Browser, mount that folder, thank You!

08/05/2008 20:08:28
Posted by GNUCITIZEN


These are the stuff every guy, who has pocked the browser or the client-side lately, would like to hear about. Behold the File I/O the W3C spec for local file access.





Here is a description of what it does. The interesting part from the text bellow is outlined in bold:



Traditionally, web applications have had little to no access to resources residing on the local filesystem. The ECMAScript interfaces for file I/O specifies a sandboxed file system, where a widget or other trusted component can gain access to the local file system.

The File I/O interfaces in this specification represent an abstract filesystem, without knowledge of the underlying filesystem’s path separators, conventions for setting file properties such as read/write permissions.

The interfaces provide methods for opening files, writing to them, creating files and directories, moving or deleting them, and so forth.
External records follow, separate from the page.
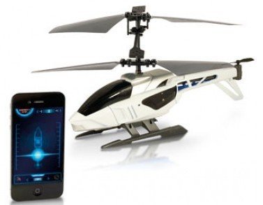 Fly it! Full gesture control allows you to fly the heli with the tilt of the controller. Three different modes allow users to build their skill. Full gesture control is incredible. Lift the iPod/iPhone up to raise the heli in the air. Move your iDevice forward and the heli flies forward. Bring the iDevice back and the heli flies backward. Tilt right or left - turn right or left. Partial Gesture control, and Virtual Joystick modes are also built into the it and Hear it! Force feedback delivers the rumble of the rotors in your hands that increases as you go faster. Sound effects deliver the buzz of the engine. Experience it! The app design reflects a heli flight simulator. Hobby grade 3-channel signal delivers controls for up-down, forward-backward, and left-right steering. Variable speed rotors give you the real feel of flying. Multi color super bright LED spotlight can be triggered from the app. And it is all packaged in a high tech, light weight but super durable body. Only real flying comes this close. The power is in your hands!
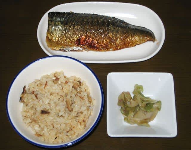 朝食:セブンのサバの照り焼き、搾菜、鶏釜飯
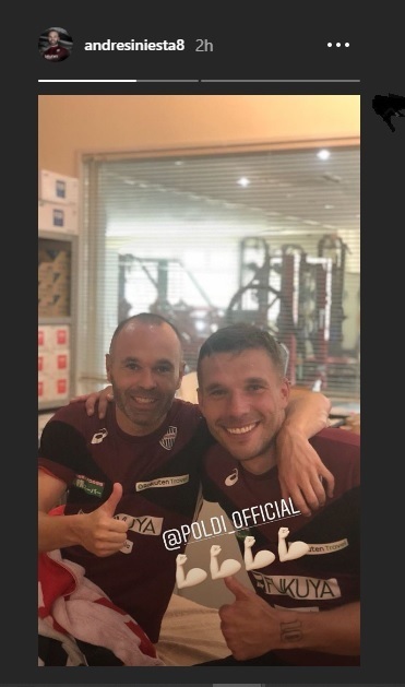 イニエスタがポドルスキとのツーショットを初公開 11日の磐田戦で夢のタッグ実現か サッカーダイジェストweb
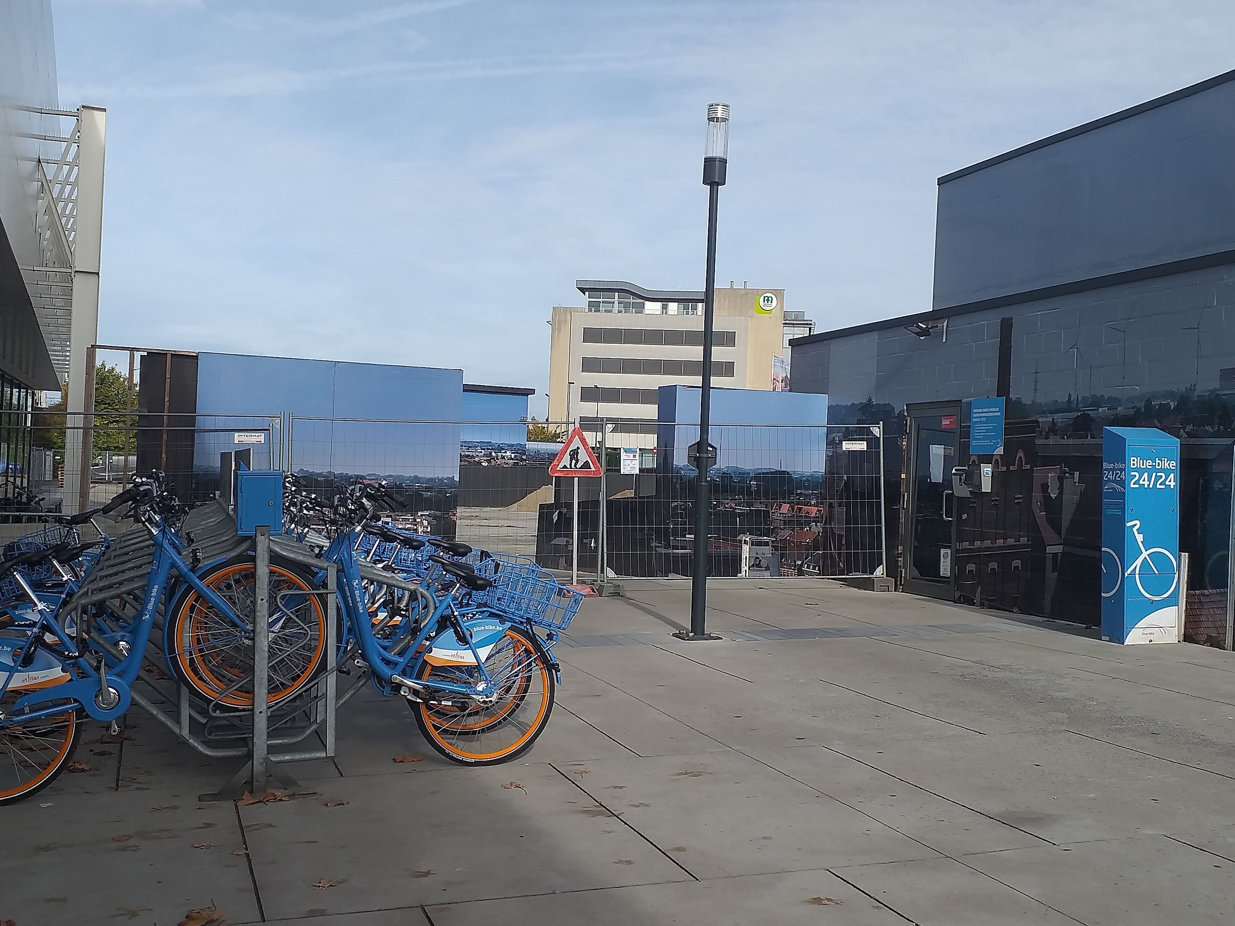 Achter het station staan de blue-bikes. Huurfietsen die niet van het fietspunt zijn maar ze wel onderhoudt.
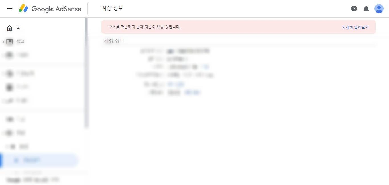 구글 애드센스 수익이 10달러를 넘어가면 아래 사진처럼 주소를 확인하지 않았다고 뜨게 됩니다.
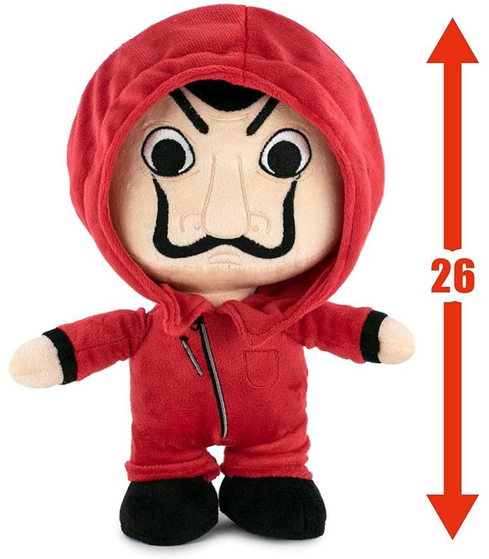 Peluche del ladrón disfrazado con el famoso traje rojo y la máscara de Dalí de La Casa de Papel. Producto Original Netflix. 100% original, nuevo y con etiqueta de licencia oficial
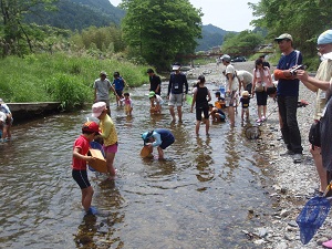 2日目の日曜日も朝から晴天。ビュッフェスタイルの朝食を取った後、キャンプの撤収の仕方を学びました。10時から名栗川(入間川)で水遊びを行ないました。子供たちは箱メガネを使って魚を観察したり、網でカエルやカニなどのを捕まえたり、時間がたつのも忘れて遊びました。
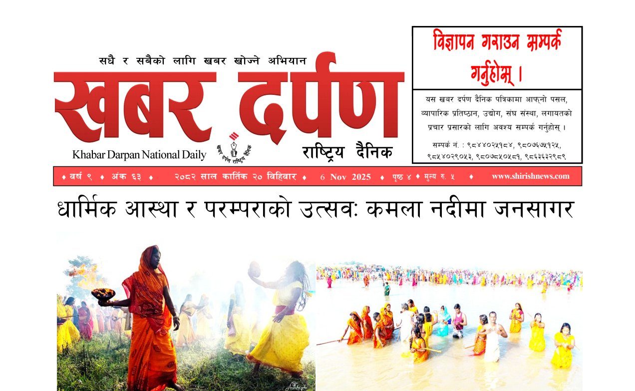 खबर दर्पण राष्ट्रिय दैनिक २६ गते कात्तिक २०८२
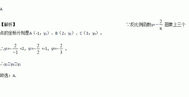 已知点A(-1,y1)、B(2,y2)、C(3,y3)都在反比例函数
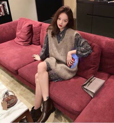 セットアップ ツーピース ニットベスト ワンピース 長袖 膝丈 小花柄 大人カワイ藍 デート お出かけ
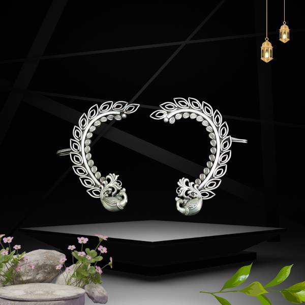 Handcrafted 925 sterling silver cuff bracelet featuring an elegant peacock motif with leaf-pattern detailing. Finished with an oxidized look, perfect for festive and everyday wear.
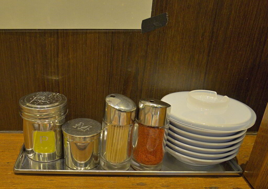 卓上には調味料として、胡椒、すりおろしにんにく、トウガラシがあります。
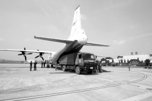 在云南昭通机场,官兵在运输机抵达后迅速卸载物资。
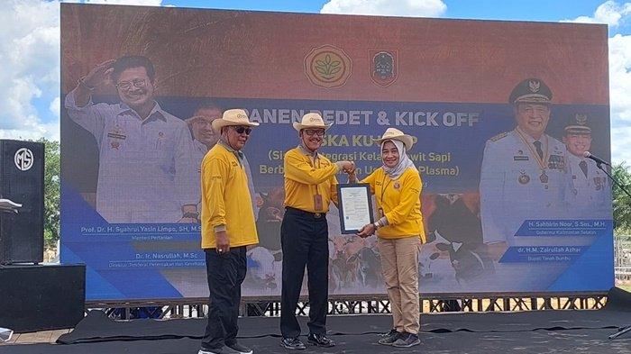 Penyerahan sertifikat hak cipta ini dilaksanakan bertepatan dengan kegiatan Panen Pedet Nasional dan Kick Off SISKA KU INTIP yang digelar di PT Buana Karya Bhakti (BKB) Kawasan SISKA Ranch (PT. Simbiosis Karya Agroindustri) Desa Jombang Kecamatan Satui Kabupaten Tanahbumbu, Sabtu (18/3/2023).
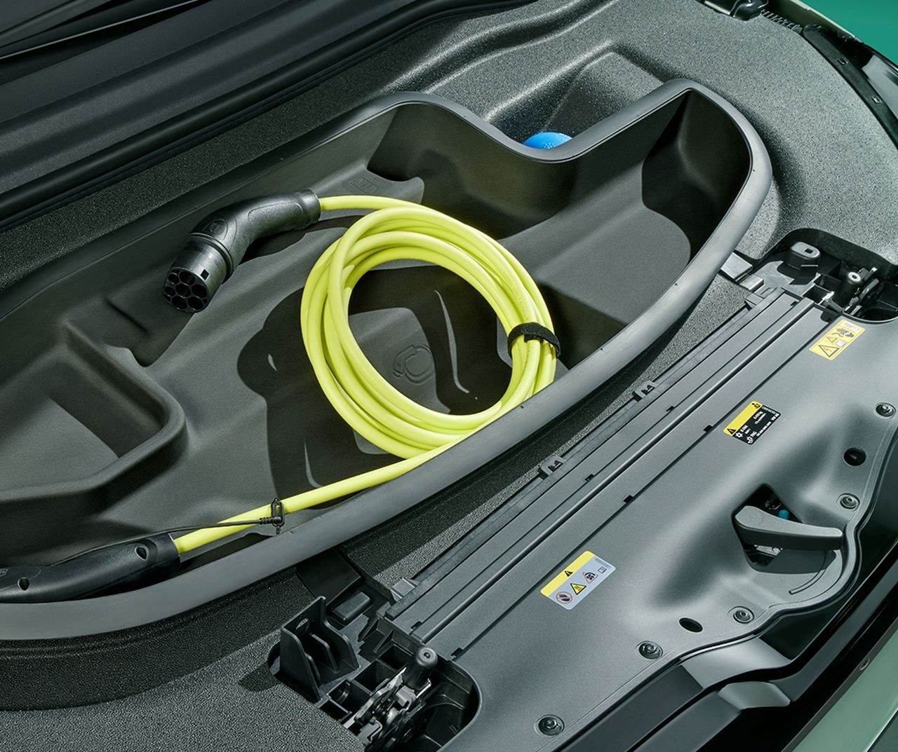Poďme na konkrétne detaily. Oba vylepšené modely získali síce malý, ale aspoň nejaký frunk, teda predný batožinový priestor. Má objem 21 litrov a podľa jednej z priložených fotografií by to malo stačiť aspoň na odloženie nabíjacieho kábla.
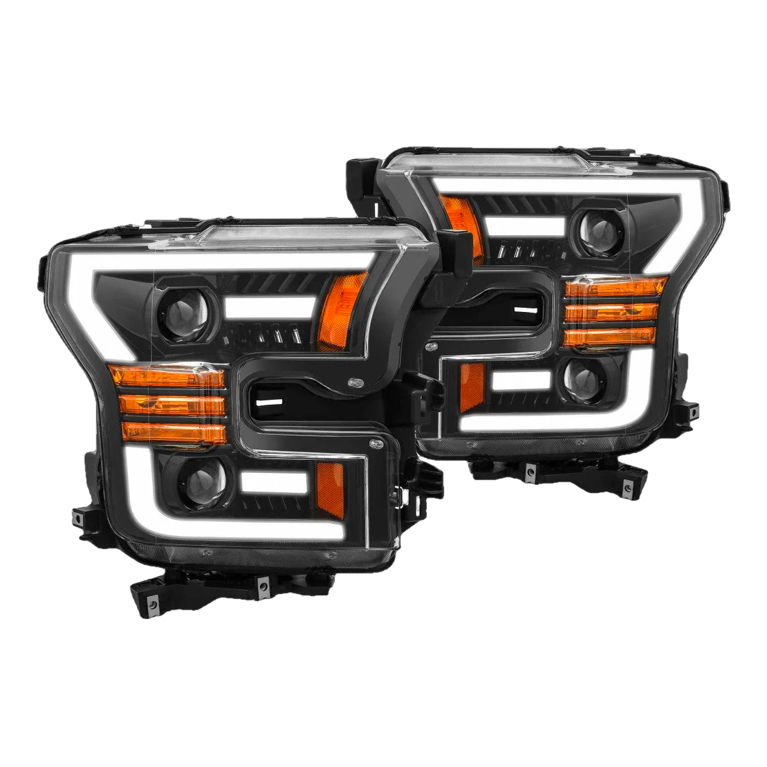 ALPHAREX DESIGN AlphaRex developed the Ford F150 PRO-series headlights based on its stock design and add a LED tube around the edge as a DRL. At the side of these Ford F150 headlights is the amber reflector lens, and there are amber halogen light bulbs at the side for turn signal light as well. These projector headlights are with dual projector design, with the outer projector as low beam, and inner projector as high beam. The headlights use basic H7 halogen bulbs for low beam and another H7 halogen bulb for high beam. You can also upgrade them with a set of high output LED bulbs for even more light on the road.

In order to work with files, an application first has to acquire a mountpoint. A mountpoint is either a reference to a file or folder on a disk, or an abstract reference to a set of files which might not necessarily be within the same folder.



I wonder which folder the typical user will select. Hmmm, the Desktop, My Documents? And where all these interesting files are? Mac OS X user, you’ve got a problem. Don’t mount the desktop. Just don’t!